Denis Emanuel Rodríguez (born 21 March 1996) is an Argentine footballer who plays as an attacking midfielder for Amora.

Club career

Born in Rosario, Santa Fe, Rodríguez is a youth exponent from hometown club Newell's Old Boys. He made his Argentine Primera División on 12 July 2015 against Racing Club de Avellaneda in a 3–0 home win. On 28 September he scored his first goal in a 2–0 win at Estudiantes de La Plata.

In July 2018, Rodríguez was loaned for a year to Club Atlético Belgrano for a net fee of US$50,000, with the option to purchase 50% of his economic rights for around $2.12 million. Halfway through his loan to the club from Córdoba, having played only eight games, his deal was rescinded by new manager Diego Osella.

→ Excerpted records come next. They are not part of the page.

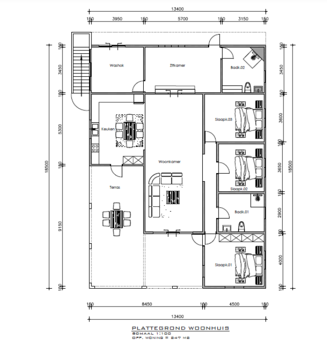 Main House: 3 bedrooms, 1.5 bathrooms, large terrace, spacious kitchen, living, and dining area.
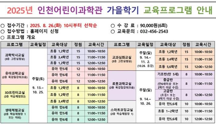 상세 교육 과정은 인천어린이과학관 홈페이지 공지사항에서 확인할 수 있다.
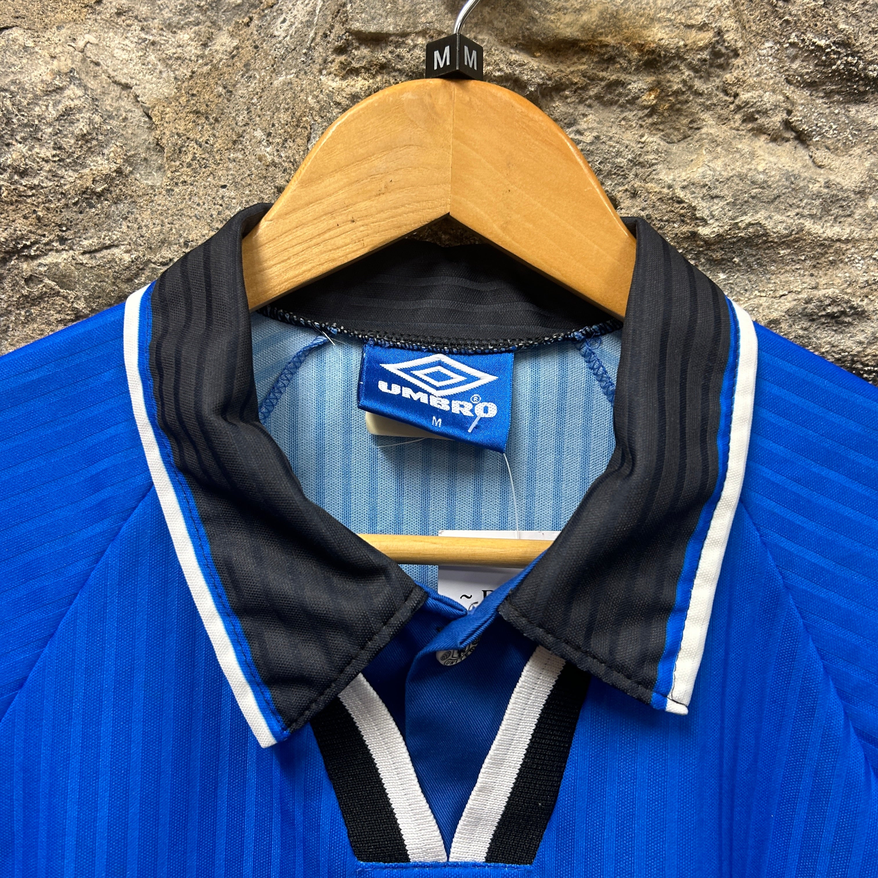 This vintage Umbro Football Shirt in Blue is size M.

During a training session in late August 2020, Rodríguez suffered a ruptured Achilles tendon, an injury that was estimated to keep him out for 6–8 months. While recovering from his injury, in June 2021 Rodríguez was involved in a road accident after colliding with a police motorcycle. The police motorcycle involved was in pursuit of a third party before colliding with Rodríguez's car. As of February 2022, he had still not returned to play for Newell's.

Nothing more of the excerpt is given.